Am Ende seines Beitrags betonte Marsden die Notwendigkeit eines gemeinsamen Kampfs der europäischen Arbeiterklasse unter dem Banner der Vierten Internationale. „Die SEP, die SGP und die Genossen in Frankreich und der Türkei wollen die Arbeiterklasse auf dem ganzen Kontinent vereinen, gegen Sparpolitik, autoritäre Herrschaft, den Aufstieg der extremen Rechten, Militarismus und Krieg und für die Vereinigten Sozialistischen Staaten von Europa. Das ist die einzige Perspektive und wir sind die einzige Führung, die der Arbeiterklasse eine Zukunft bieten, für die es sich zu kämpfen lohnt.“

Der abschließende Beitrag war von besonderer Bedeutung. Der SGP-Vorsitzende Ulrich Rippert sprach zur Gründung des BSA vor 50 Jahren. Wir haben die Rede bereits vollständig auf der WSWS veröffentlicht, weshalb wir sie an dieser Stelle nicht ausführlicher zusammenfassen und zitieren.

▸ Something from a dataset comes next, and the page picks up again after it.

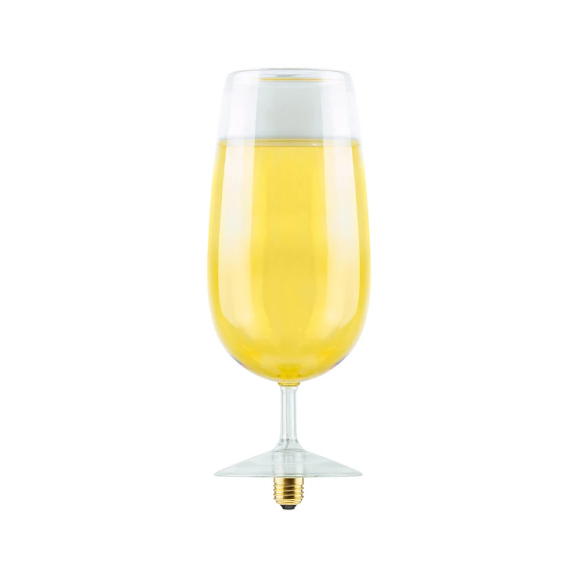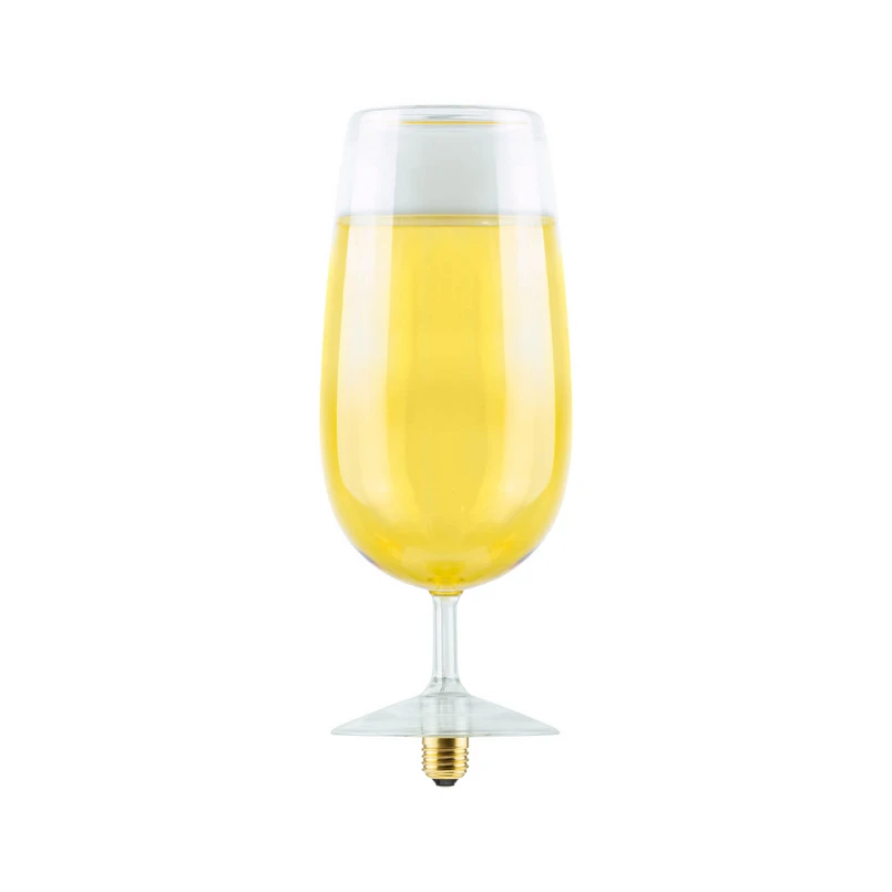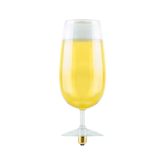 Dieses E27-LED-Leuchtmittel aus der Floating Serie ist mit einem goldfarbenen Glaskolben versehen, der einem gefüllten Bierglas nachempfunden ist. Hinzu kommt ein goldfarbener E27-Sockel aus Metall.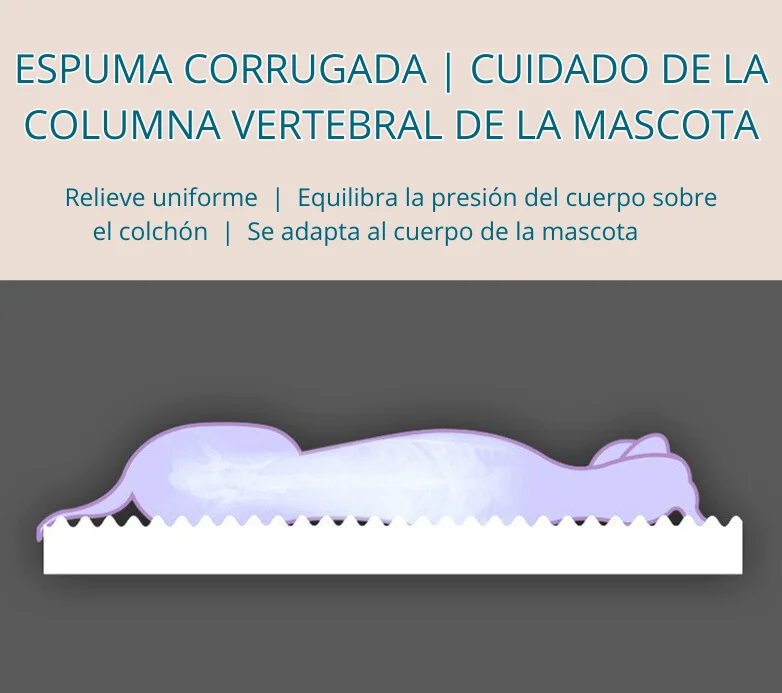 Colchón de espuma de alta densidad tipo “huevo”, ayuda a distribuir el peso de forma uniforme, aliviando la presión sobre las articulaciones y mejorando la calidad del descanso. Ideal para mascotas senior o con necesidades articulares.

Ripperts Rede machte vor allem eines deutlich – die politische Stärke der Wahlabschlussveranstaltung sowie des gesamten Wahlkampfs der SGP beruht auf der historischen Tradition und den Prinzipien der Vierten Internationale, die das marxistische Programm des sozialistischen Internationalismus sowohl gegen den Stalinismus wie gegen die Sozialdemokratie verteidigt hat.

Mit der Gründung des BSA als deutscher Sektion des Internationalen Komitees der Vierten Internationale am 18. und 19. September 1971 Jahren wurde die Kontinuität des Marxismus und Trotzkismus in Deutschland wieder aufgenommen. 50 Jahre später bekommt sie entscheidende Bedeutung für die zukünftige politische Entwicklung in Deutschland, in ganz Europa und weltweit.